The Neuropsychiatric Inventory Questionnaire (NPI-Q) is a streamlined version of the original Neuropsychiatric Inventory (NPI), designed to assess a wide range of neuropsychiatric symptoms commonly found in patients with dementia. The NPI-Q evaluates 12 key domains: delusions, hallucinations, agitation/aggression, depression/dysphoria, anxiety, euphoria/elation, apathy/indifference, disinhibition, irritability/lability, aberrant motor behavior, nighttime behavioral disturbances, and appetite/eating abnormalities. Scoring of the NPI-Q ranges from 0 to 36, with two components for each domain: the frequency and severity of symptoms. Frequency is rated from 1 (occasionally) to 4 (very frequently), and severity is rated from 1 (mild) to 3 (severe). The total score sums these ratings across all domains, providing a comprehensive measure of the patient’s neuropsychiatric profile. Higher scores indicate more severe and frequent symptoms. The NPI-Q has adequate test-retest reliability and convergent validity and is commonly applied in research involving LA populations.
Scores of functional ability and neuropsychiatric symptoms were inverted to facilitate the interpretability of the associations in the same direction as cognitive scores. The higher the value, the higher the functional capacity and the lower the neuropsychiatric symptoms.
Neuroimaging acquisition and preprocessing
MRI preprocessing
3D T1-weighted images were collected for 875 individuals with a mean age of 65.13 years (SD = 10.77), of whom 65.94% were women.
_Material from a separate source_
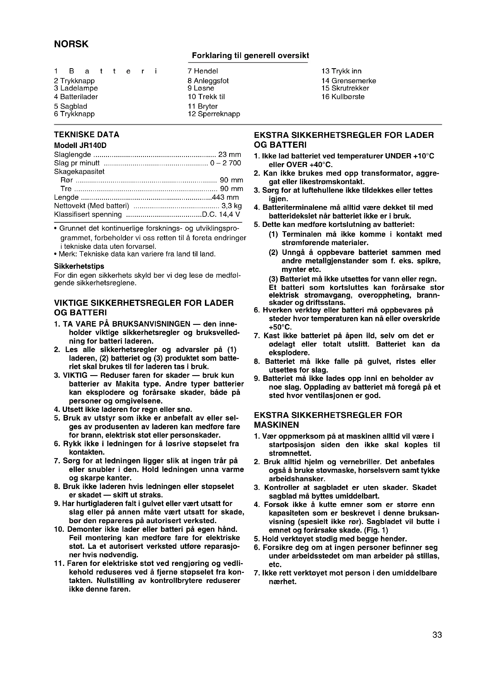 Finn enhetens veiledning gratis JR140D MAKITA i PDF-format.

Sex information was determined by self-report. 310 individuals with AD, 123 with FTLD, and 442 HC were included (Argentina [n = 84, HC:AD/FTLD = 38:46], Brazil [n = 92, HC:AD/FTLD = 69:23], Chile [n = 137, HC:AD/FTLD = 53:84], Colombia [n = 203, HC:AD/FTLD = 25:178], Mexico [n = 53, HC:AD/FTLD = 29:24], Peru [n = 306, HC:AD/FTLD = 228:78], Supplementary Table 14). Preprocessing and analysis were employed using VBM with the Computational Anatomy (CAT12) toolbox and in Statistical Parametric Mapping software (SPM 12; Wellcome Center for Human Neuroimaging; www.fil.ion.ucl.ac.uk/spm/software/spm12/) in Matlab R2021a. The standard pipeline included bias-field correction, noise reduction, skull stripping, segmentation, and normalization to the Montreal Neurological Institute (MNI) space at a 1.5 mm isotropic resolution. CAT12 also performed intra-subject harmonization by normalizing data to the mean global intensity for each subject, followed by smoothing gray matter images with a 6 × 6 × 6 mm Gaussian kernel. The homogeneity and orthogonality of the images were verified. Scanner effects were controlled through two approaches: by including scanner type as a covariate in the VBM regression models and standardizing between the minimum and maximum intensity values of each voxel for all subjects evaluated by each scanner type2.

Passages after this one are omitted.